9 de noviembre Un día fresco, espléndido, de sol. Se armó la caravana y retomamos viaje hacia Bojador. Buscábamos el mejor camino. El día estaba despejado, la visibilidad era inmensa. Andábamos entre pequeñas elevaciones, lejanas dunas, terrenos planos. El desierto seguía mojado. Se recorría mucho para buscar zonas secas. Seguimos atascándonos. Paramos varias veces por empantanamientos. Era increíble pero, apenas paraba la caravana, en segundos, varios conductores ya habían bajado de las camionetas, encendían un pequeño fuego, sacaban la tetera, los vasos y se preparaba té. En una de las paradas jugamos un rato al tinenti, en su versión saharaui, que es un poco distinta.

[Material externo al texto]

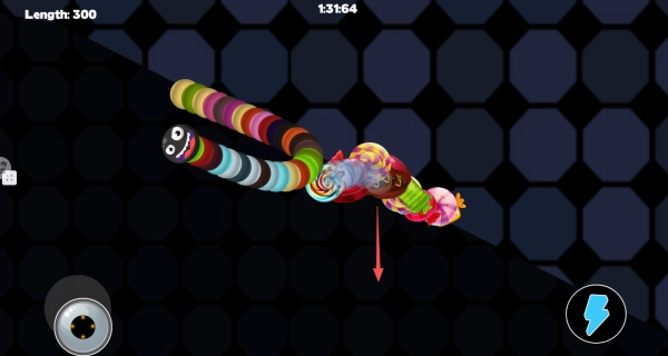 在移动吞噬的过程中,必须时刻留意避开那些比自己体型更长的蛇,一旦被它们吞噬,游戏就会直接结束。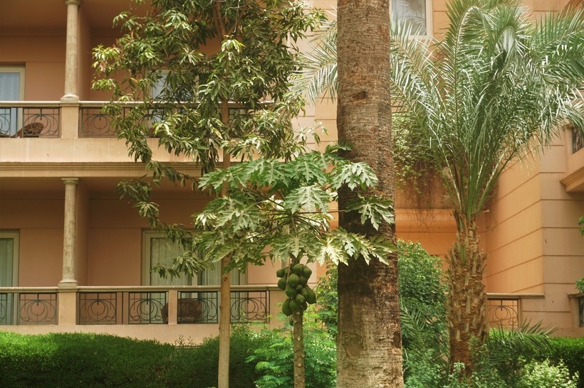 Удивительное дело, помимо традиционных фруктов, в засушливом Египте мне удалось найти плантации бананов, манго....а в парке при отеле в Луксоре росли еще и дынные деревья, более известные нам как папайя.

Comenzaba a caer el sol. Nos enfrentamos a un gran espacio de arenas mojadas; se veía el tono más oscuro por el agua. Anduvimos un tiempo rodeando el agua para encontrar el mejor lugar para pasar. Todas las camionetas se pusieron con la trompa frente a esa franja mojada. Se veía la arena oscura, como chocolate espeso. Bajaron a observar de cerca el terreno, nos subimos a las camionetas y cruzamos surfeando el barro de arena. Habíamos pasado el tramo más duro. El sol se perdió detrás de la tierra, avanzó la noche. Las camionetas eran ojos de fuego en la oscuridad. En la noche el desierto estaba escondido. Como a las 22:00 h llegamos al puesto de frontera de Argelia. Los trámites demoraron
bastante. Volvimos al asfalto. Me despedí con añoranza del horizonte del Sahara Occidental, que me dejó su reflejo y un lugar infinito. Pasadas las 23:00 hs. llegamos a la Wilaya de Bojador. Las camionetas llevaron a cada uno a su casa. Jadeya y Fatma nos esperaban con alegría y con la cena caliente. Ya era 10 de noviembre, nuestra ante última noche. La jaima de Jadeya era nuestra casa. Caí rendida.
10 de noviembre
Sharon y Lahsan
Se terminaba Artifariti 2016. Ultimo día para seguir el trabajo pensado. Amanecimos descansados. Disfrutamos compartiendo el desayuno: tés e historias del viaje desde la mirada de cada uno. Día de bordado. Recorría de a poco toda la melfa. En la escuela, extendí la melfa verde agua y los hilos sobre una mesa. Invité al que quisiera a compartir un momento con el bordado, dejando su historia, transformando muros.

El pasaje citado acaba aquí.